Work to complete: I need every line from the start of the material below up to and including the line containing "seat: 660 lbs.", restated exactly, with the pictures omitted.

[Entries provided]

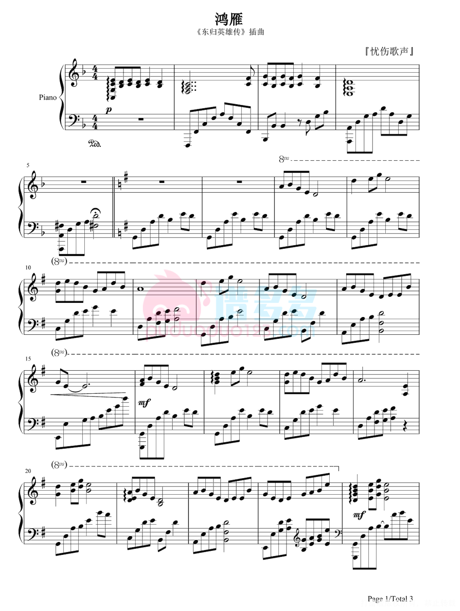 曲谱介绍: 本曲谱是《鸿雁》的钢琴谱,五线谱共3张PNG图高清图片谱。歌曲由额尔古纳乐队演唱,是电视剧《东归英雄传》的插曲,歌曲浑厚悠远,深具蒙古族音乐特色。 《 他们的歌声里有你的乡愁,有你的成长,于是家乡就成了每个人心底最柔软最美好的缱绻。同时,这也是一个寄情于草原的男人自语。一个人,一杯酒,独对苍天,想一想曾经的过往,用力的遥望未来,那里是不是真的有彩虹挂在天堂。悠远蜿蜒,直抵内心。
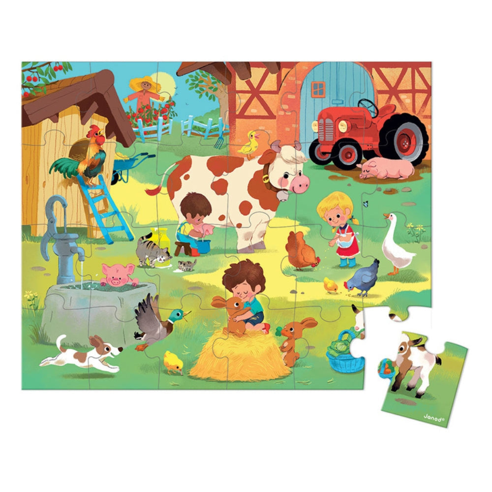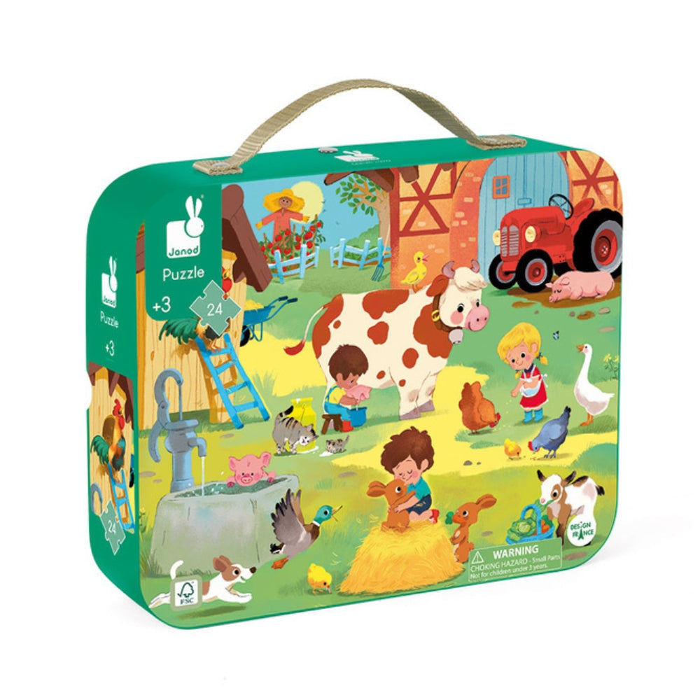 Janod Puzzle egy bőröndben Egy nap a farmon 24 darab
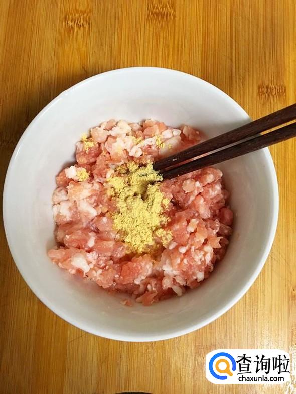 去皮五花肉用温水清洗干净,然后剁碎,放入碗中,依次加入1小勺料酒和生姜粉,拌匀。
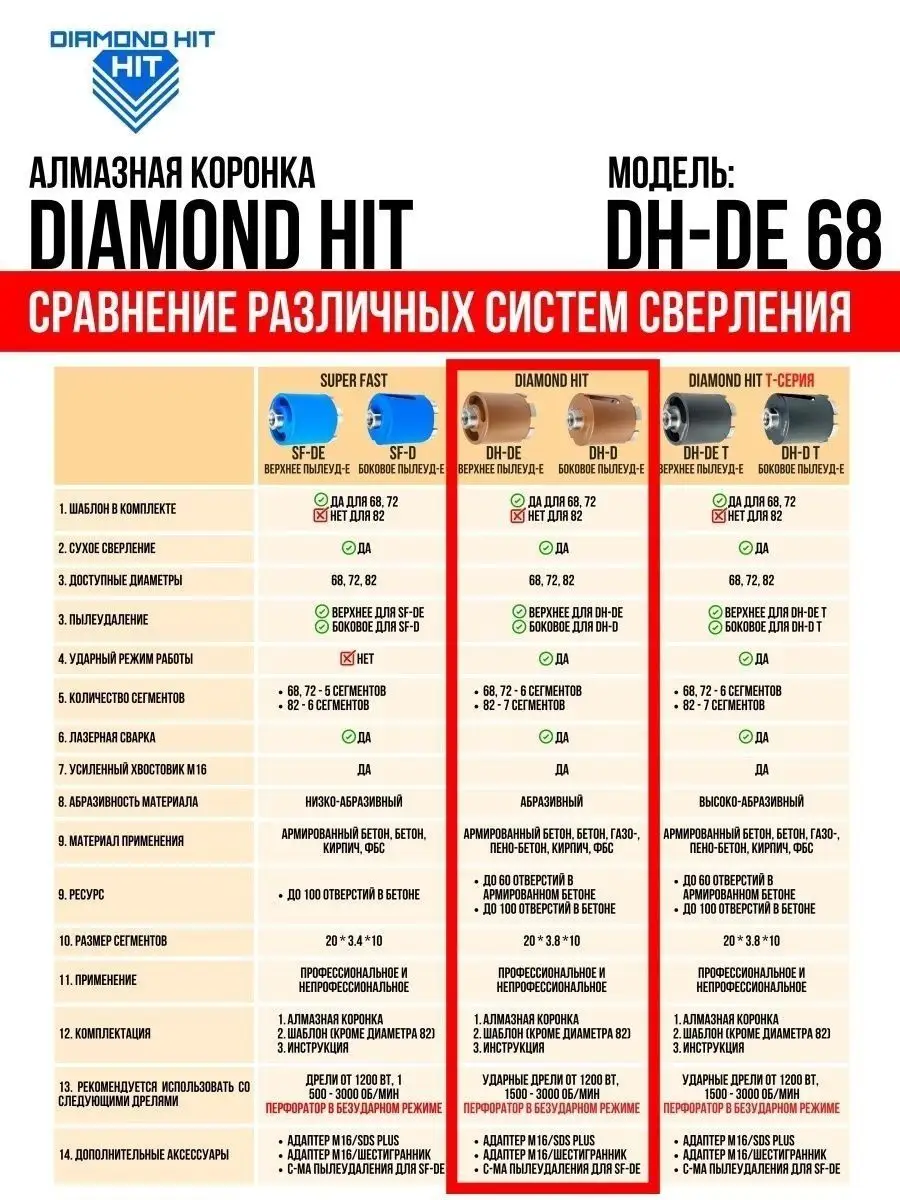 Коронка по бетону DIAMOND HIT обеспечит точное и быстрое сверление для розетки, экономию времени и идеальный результат даже в самых сложных условиях!
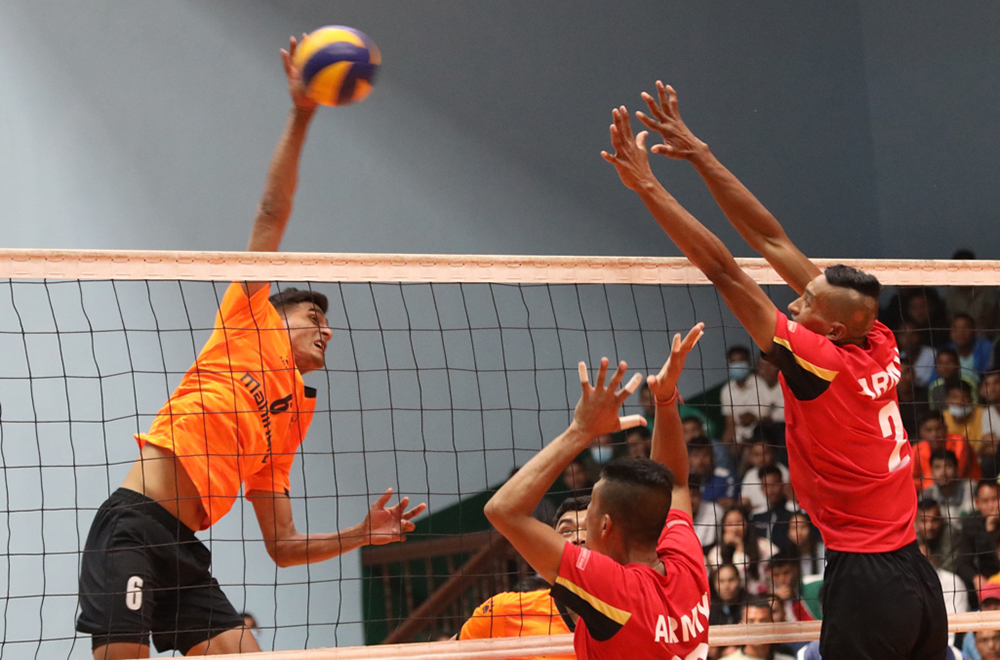 काठमाडौं (हाम्रो खेलकुद) – विभागीय टोली नेपाल एपीएफ क्लब र नेपाल पुलिस क्लब प्रथम पोष्टबहादुर बोगटी स्मृति कप राष्ट्रिय पुरुष भलिबल प्रतियोगिताको फाइनलमा प्रवेश गरेका छन् । त्रिपुरेश्वरस्थित राष्ट्रिय खेलकुद परिषद् (राखेप) को कभर्डहलमा शुक्रबार भएको प्रतिस्पर्धात्मक पहिलो सेमिफाइनलमा दुई सेटले पछि परेको स्थितिलाई उल्ट्याउदै एपीएफले अर्को विभागीय टोली नेपाल आर्मीलाई ३–२ ले पराजित गर्दै […]
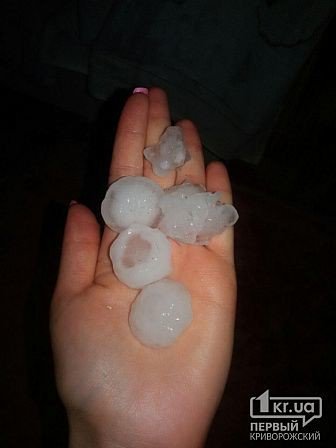 Как сообщает Первый Криворожский, град был диаметром 6-19 мм, местами его размер достигал куриное яйцо.
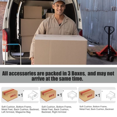 • Shipped in 3 Boxes: This 3-seat sofa couch comes with 3 boxes, so that you may not receive all the packages at the same time. The detailed instruction can guide you step by step through the installation. Overall dimension of the sofa: 94.5” x 32.5” x 32.5” (L x W x H); weight capacity of each seat: 660 lbs.
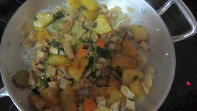 Numa frigideira coloca-se um pouco do molho da carne e salteiam-se as batatas (cortadas em pedaços). Acrescenta-se a carne em pedaços. Salpica-se com coentros e com os pickles.
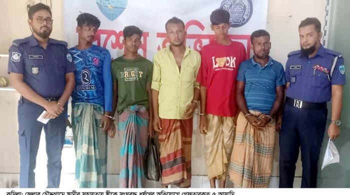 নিজস্ব প্রতিবেদকঃ দাম্পত্য কলহের জেরে স্বামীর সহায়তায় স্ত্রীকে তিন দিন ধরে ইটভাটায় আটকে রেখে দলবদ্ধ ধর্ষণের অভিযোগ উঠেছে। কুমিল্লার চৌদ্দগ্রাম উপজেলার কালিকাপুর ইউনিয়নের মিরশ্বানী এলাকার ‘ইসলামিয়া ব্রিক ফিল্ডের’ শ্রমিকদের থাকার ঘরের একটি কক্ষে এই ঘটনা ঘটেছে। শনিবার দুপুরে চৌদ্দগ্রাম থানায় স্বামীসহ পাঁচজনের বিরুদ্ধে মামলা করেছেন ভুক্তভোগী। আসামিদের গ্রেপ্তার করে আদালতের মাধ্যমে জেলহাজতে পাঠানো হয়েছে। গ্রেপ্তার
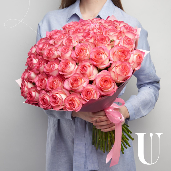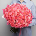 Букет из 15 пионовидных роз сорта Пинк Экспрешн в дизайнерской упаковке

[/Entries provided]

Written answer:
 曲谱介绍: 本曲谱是《鸿雁》的钢琴谱,五线谱共3张PNG图高清图片谱。歌曲由额尔古纳乐队演唱,是电视剧《东归英雄传》的插曲,歌曲浑厚悠远,深具蒙古族音乐特色。 《 他们的歌声里有你的乡愁,有你的成长,于是家乡就成了每个人心底最柔软最美好的缱绻。同时,这也是一个寄情于草原的男人自语。一个人,一杯酒,独对苍天,想一想曾经的过往,用力的遥望未来,那里是不是真的有彩虹挂在天堂。悠远蜿蜒,直抵内心。
 Janod Puzzle egy bőröndben Egy nap a farmon 24 darab
 去皮五花肉用温水清洗干净,然后剁碎,放入碗中,依次加入1小勺料酒和生姜粉,拌匀。
 Коронка по бетону DIAMOND HIT обеспечит точное и быстрое сверление для розетки, экономию времени и идеальный результат даже в самых сложных условиях!
 काठमाडौं (हाम्रो खेलकुद) – विभागीय टोली नेपाल एपीएफ क्लब र नेपाल पुलिस क्लब प्रथम पोष्टबहादुर बोगटी स्मृति कप राष्ट्रिय पुरुष भलिबल प्रतियोगिताको फाइनलमा प्रवेश गरेका छन् । त्रिपुरेश्वरस्थित राष्ट्रिय खेलकुद परिषद् (राखेप) को कभर्डहलमा शुक्रबार भएको प्रतिस्पर्धात्मक पहिलो सेमिफाइनलमा दुई सेटले पछि परेको स्थितिलाई उल्ट्याउदै एपीएफले अर्को विभागीय टोली नेपाल आर्मीलाई ३–२ ले पराजित गर्दै […]
 Как сообщает Первый Криворожский, град был диаметром 6-19 мм, местами его размер достигал куриное яйцо.
 • Shipped in 3 Boxes: This 3-seat sofa couch comes with 3 boxes, so that you may not receive all the packages at the same time. The detailed instruction can guide you step by step through the installation. Overall dimension of the sofa: 94.5” x 32.5” x 32.5” (L x W x H); weight capacity of each seat: 660 lbs.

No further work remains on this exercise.